We’ve all become aware in recent years of Jamie Oliver’s crusade against unhealthy school meals and, indeed, his success in ensuring that Turkey Twizzlers – the staple diet of school canteens from Aberdeen to Aberystwyth and from Penzance to Penrith – have been consigned to the (recycling) bin. Another feature of Jamie Oliver’s campaign, of course, was the pictures of mothers of school-children selling items of (presumably) junk food to children through school fences or over the school gate. As a middle-class, educated and reasonably healthy academic, I was of course appalled by these guerilla tactics. Surely these mothers were guilty of the insidious crime of undermining their own children’s health or, even worse, the health of other children? burger by vanessa pike-russell @flikr

And yet, the work of Professor of Citizenship, Engin Isin (Open University) encourages us to think different about these parental practices.
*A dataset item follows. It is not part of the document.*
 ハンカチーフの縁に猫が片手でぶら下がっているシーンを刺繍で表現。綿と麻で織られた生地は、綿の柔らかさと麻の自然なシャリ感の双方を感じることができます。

Isin argues that ideas of citizenship throughout history have been articulated through reference to those on the margins. It is these individuals and groups that can act as a kind of threat to us but it is these individuals and groups, too that are the source of our own security. We become assured of our own political identity by contrasting ourselves with these more marginalised people. I, as a well-behaved citizen of good character and reasonable diet, derive my own sense of worth and smugness from mothers such as these and their Turkey-Twizzler-eating offspring.
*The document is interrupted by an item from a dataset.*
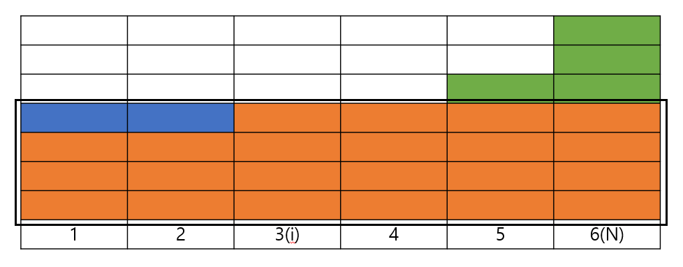 예를 들어 N=6이고 각 땅의 높이가 [3,3,4,4,5,7] 일때 아래 그림을 참고해봅시다.

Isin goes further by suggesting that there are enduring ‘acts of citizenship’ that can emerge from these marginalised and disenfranchised groups, which can help to transform dominant ideas about citizenship. Is the act of passing or selling a burger over a fence to a child an act of citizenship? Will this act lead to different conceptions of what it is to be a British citizen? How do acts such as these lead us to question the extent to which the state can determine the diets of its citizens?

Rhys

Hidden food and the nanny state in the kitchen

My mother tells a story of her childhood dislike of sprouts and my grandmother’s feeble attempts to disguise them as cabbage through a hastily conducted mashing-up process. Any parent can attest to the various culinary tricks, techniques and fables that routinely have to be deployed in order to encourage/force their children to eat more healthily: I, for example, am still waiting for my improved eye-sight and curly hair as just reward for my assiduous consumption of carrots and crusts!

pizza by wendalicious@flikrBut what was once an exercise in shrewd parental food repackaging is now becoming an arena of corporate action and state policy. On the 12th of May this year (2009) the British Food Standards Agency (FSA), in partnership with a range of popular high street restaurant chains, launched a new scheme for promoting healthy eating among Britain’s young consumers. The FSA’s ‘health through stealth’ approach to eating involves putting less salt in dishes, using lower-fat cheeses in pizza, and inserting ‘hidden vegetables’ in a range of menu options for children (FSA, 2009). Involving 400 companies and in excess of 2,000 restaurants (including Pizza Express, Pizza Hut, Frankie and Benny’s and Bella Italia outlets), the British government sees this new initiative as a significant act in public health improvement.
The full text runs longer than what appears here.